A Linked Data Wrapper for CrunchBase

Tracking #: 1493-2705

Michael Färber
Carsten Menne
Andreas Harth1

Responsible editor: 
Jens Lehmann

Submission type: 
Dataset Description
CrunchBase is a database about startups and technology companies. The database can be searched, browsed, and edited via a website, but is also accessible via an entity-centric HTTP API in JSON format. We present a wrapper around the API that provides the data as Linked Data. The wrapper provides schema-level links to schema.org, Friend-of-a-Friend and Vocabulary-of-a-Friend, and entity-level links to DBpedia for organization entities. We describe how to harvest the RDF data to obtain a local copy of the data for further processing and querying that goes beyond the access facilities of the CrunchBase API. Further, we describe the cases in which the Linked Data API for CrunchBase and the crawled CrunchBase RDF data have been used in other works.
Full PDF Version: 


Solicited Reviews:
Click to Expand/Collapse
Review #1
By Konrad Höffner submitted on 24/Nov/2016
Minor Revision
Review Comment:

# Review of the revised version of "A Linked Data Wrapper for CrunchBase"

**Summary: The major issues have all been adressed . Still, the SPARQL endpoint is missing and I don't agree with the reasoning to not provide one. Maybe the editors can clarify whether a SPARQL endpoint is truly optional? Until then, I upgrade my recommendation from reject to minor revision. Version date and number also should be added, as requested in the call.**

## Quality and stability of the dataset

The URL is provided now but version date and number are still missing.
The licensing of the RDF dataset has been clarified.

I do not agree with the the reasoning of why a SPARQL endpoint, which has been requested by all three reviewers, is still not provided.
1. "SPARQL endpoints suffer from availability issues": A non-existent SPARQL endpoint has 0% availability, so any endpoint you provide is better than none at all. I thank the authors for linking the very informative paper "Linked Dataset Description Papers at the Semantic Web Journal: A Critical Assessment" and it indeed highlights common technical issues, but I do not find the suggestion to remove the SPARQL endpoint altogether there, nor do I find this an acceptable solution to the problem.
2. "SPARQL endpoints are prone to complex queries which might affect the SPARQL endpoint performance or even might result in downtimes of the endpoint." This argument is related 1., as it is also concerned with availability issues.

## Clarity and completeness of the descriptions.

### Innovation

> Nowack already provided an RDF wrapper for the CrunchBase API called Semantic CrunchBase in 2008, the service is no longer available.

A (blog entry)[(http://bnode.org/blog/2008/07/29/semantic-web-by-example-semantic-crunch...)] for Semantic CrunchBase states “The initial RDF dataset is not using any known vocabs such as FOAF (or FOAFCorp). (We can INSERT mapping triples later, though.)”.

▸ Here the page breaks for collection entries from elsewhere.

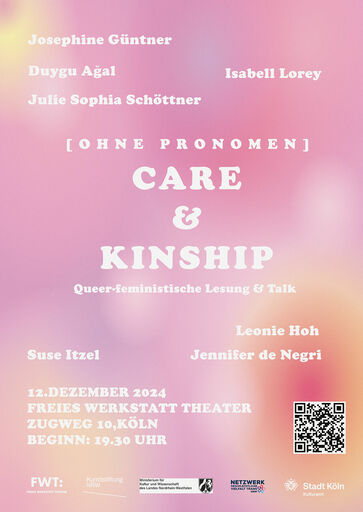Care & Kinship durchziehen die Texte unserer Autor*innen Duygu Ağal, Josephine Güntner und Julie Sophia Schöttner. Mit unserem Talkgast Isabell Lorey wollen wir das Thema vertiefen und queeren: Wie kann Sorge trans_formiert und jenseits von heteronormativer Zweigeschlechtlichkeit gedacht und praktiziert werden?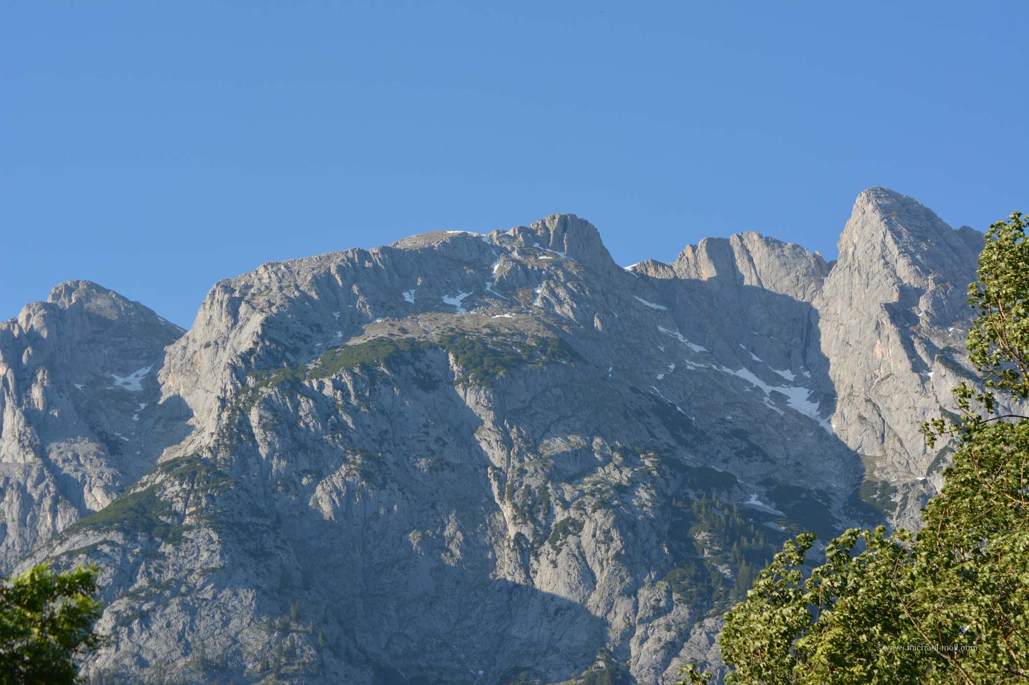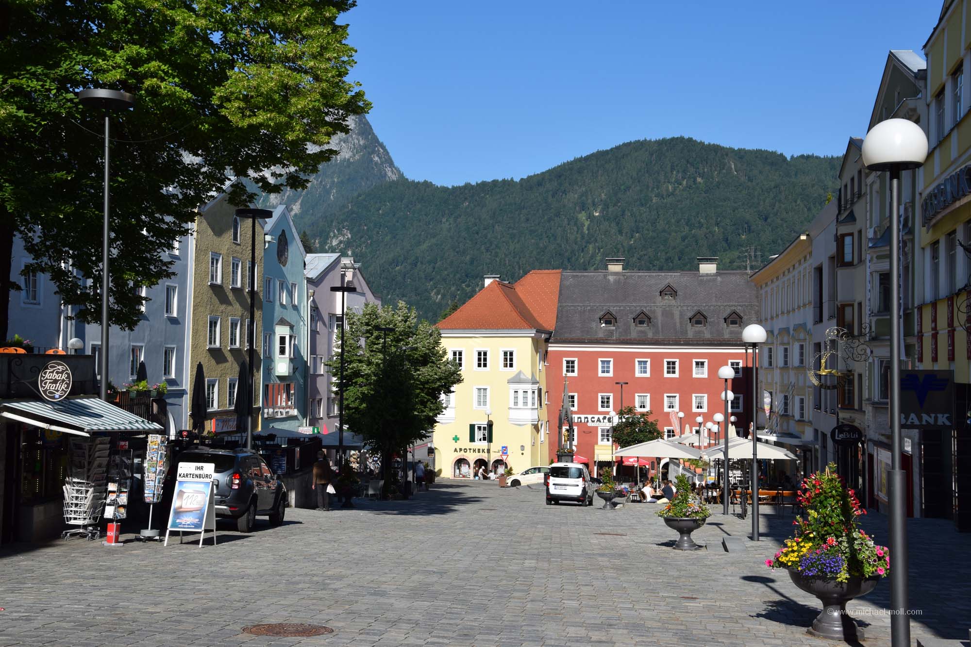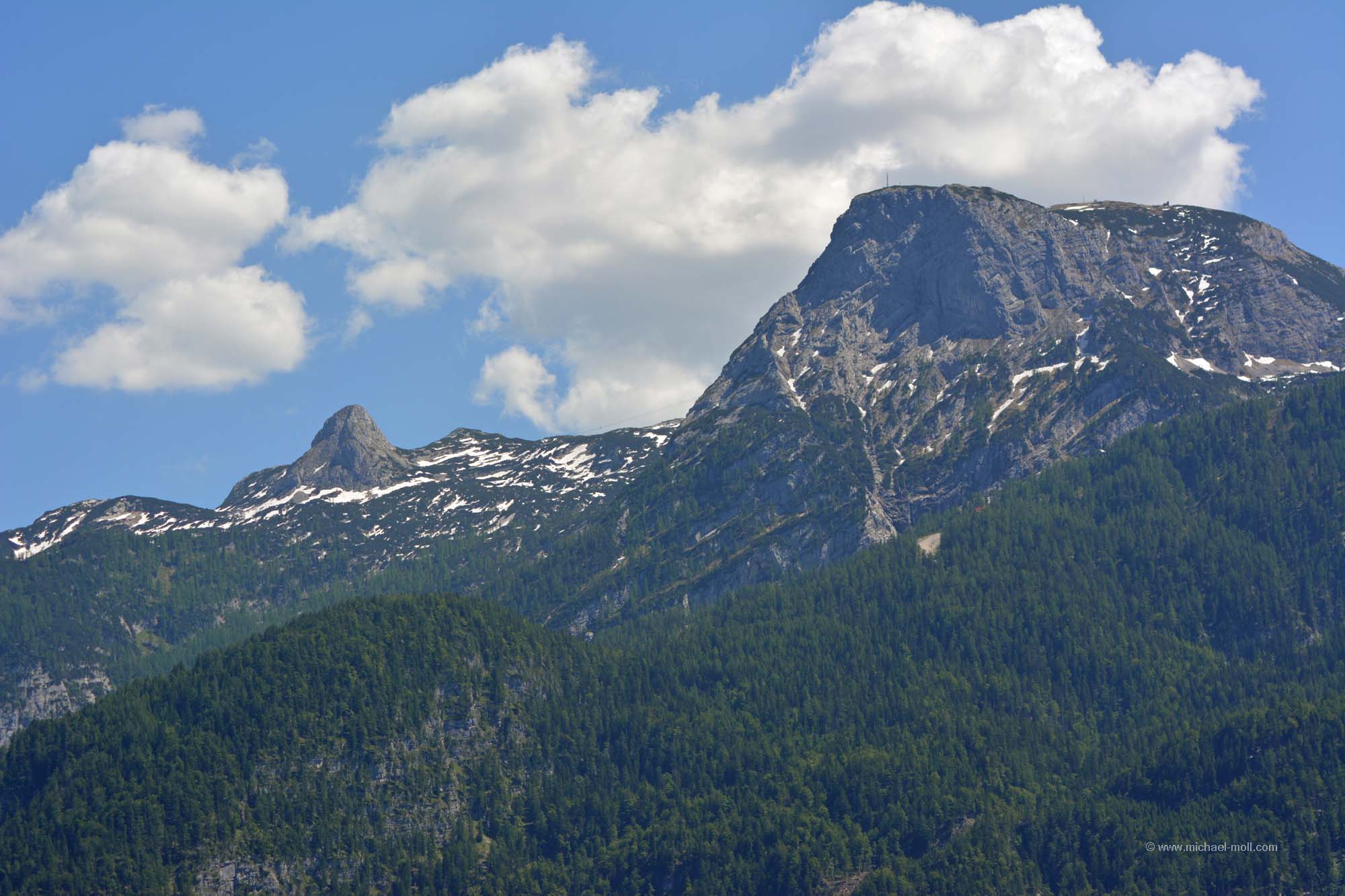 Unmittelbar darauf starteten wir unsere gemütliche Fahrt durch Tirol und das Salzburger Land. St. Johann in Tirol lockte auf einem touristischen Hinweisschild mit dem Attribut als barocke Gemeinde, was uns zu einem kurzen Zwischenstopp verlockte. Doch so groß ist St. Johann nicht und wir hatten noch einiges an dem Tag vor, also fuhren wir zügig weiter. Dabei ließen wir Kitzbühel rechts liegen. Kitzbühel ist zwar namentlich sehr bekannt, aber doch eher wegen des Wintersports. Bei fast 30 Grad bereits am Vormittag war an Wintersport aber überhaupt nicht zu denken. Südlich von Kitzbühel folgte der gerade einmal 1.274 Meter hohe Pass Thurn, der keine Herausforderung stellt. Doch auf der Südseite gibt es ein paar schöne Aussichtspunkte, wo man den Blick auf die Hohen Tauern und auf den Großvenediger genießen kann.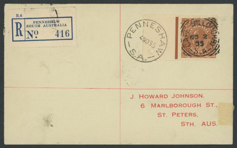 Cape Willoughby: 'CAPE WILLOUGHBY/NO2/35/S-A' squared-circle (during the second TO period) largely very fine strike on KGV 5d on Howard Johnson cover, superb 'PENNESHAW/ 4NO35/S.A.' alongside & blue/white registration label. Rated R, but very rare in the TO period. TO 11/5/1880; PO 1/7/1883; TO 31/3/1917; closed 5/9/1967. Ex John Bell (Adelaide): sold at our auction of 14.11.2014 for $308 (Sale 198 Lot 2622). NB: Telephone Offices had no registration facilities. [Kangaroo Island: at the lighthouse] (Image1)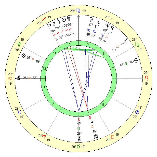 | Moon | 17 Scorpio 42 | 8 Taurus 43 | 19 Taurus 14 |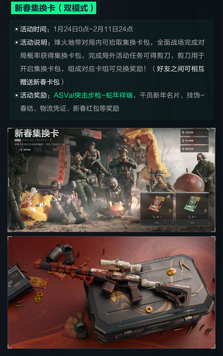 新春集换卡(双模式):活动时间为1月24日0点至2月11日24点,烽火地带对局内可拾取集换卡包,全面战场完成对局概率获得集换卡包,完成局外活动任务可得剪刀,剪刀用于开启集换卡包,组成对应卡组可兑换奖励,活动奖励为ASVal突击步枪-蛇年祥瑞、干员新年名片、挂饰-春结、物流凭证、新春红包等奖励。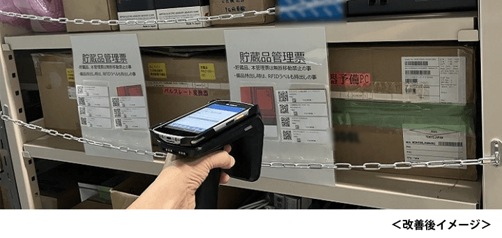備品管理の単位(箱・ケース単位や、ケーブル1本単位…といったさまざまな区分)や、置き場が整理整頓されたことで、備品表示ラベルをRFIDにして、全体で備品在庫管理ができるようになりました。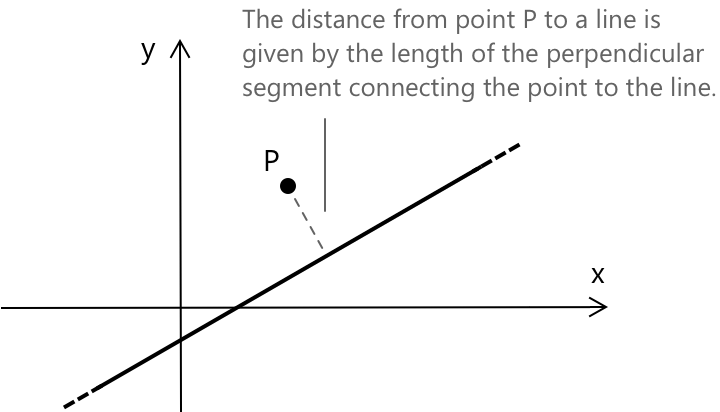 Цей вираз дає найкоротшу відстань від точки до прямої, тобто перпендикулярну відстань, а не довжину будь-якого довільного відрізка.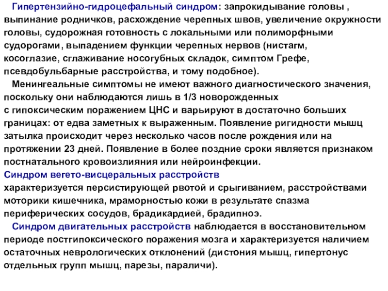 Слайд 29 Гипертензийно-гидроцефальный синдром: запрокидывание головы , выпинание родничков, расхождение черепных швов, увеличение окружности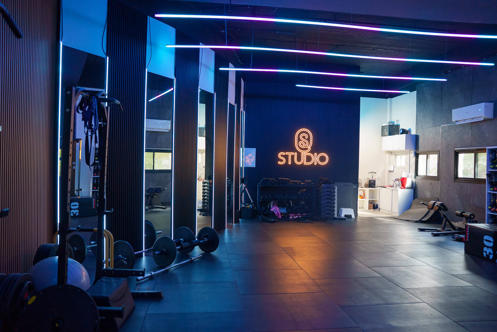 הסטודיו כולל ציוד כושר מקצועי, תחנות אימון מודולריות, אזור אימונים אישיים וחדר חוגים המאובזר בטרמפולינות קנגו לאימונים קבוצתיים.

This is a major issue. According to the above statements, the existing approach could be extended with “mapping tiples” to integrate vocabularies. A thorough motivation, why this existing approach was not extended but a completely new approach was taken, is essential.

### Unproven Statements
The vague and unproven statements have been clarified and provided with sources. While those sources are mailing list posts and text from the Crunch Base web page instead of citable publications, I rate this as acceptable in this cause because this is probably the only way to get this information.

### Factual Errors

#### 5 Star Ranking
The Linked Data vocabulary star rating has been added and correctly applied.

#### JSON to RDF
The missing reference for the papers that transform JSON to RDF has been added.

### Formal Criteria and Writing
The writing is clearer and less verbose now and the paper now adheres to the 10 page limit.

Review #2
By Marta Sabou submitted on 14/Dec/2016
Review Comment:

I thank the authors for responding to my comments - the new version of the paper has been improved considerably. I accept the authors' arguments for not providing a SPARQL endpoint for the data and recommend accepting the paper as is.

Review #3
Anonymous submitted on 01/Jan/2017
Review Comment:

I read the revision and responses to the reviewer's comments. I think the new revision adequately addressed my concerns. So, I have no further requests for the current stage of the article.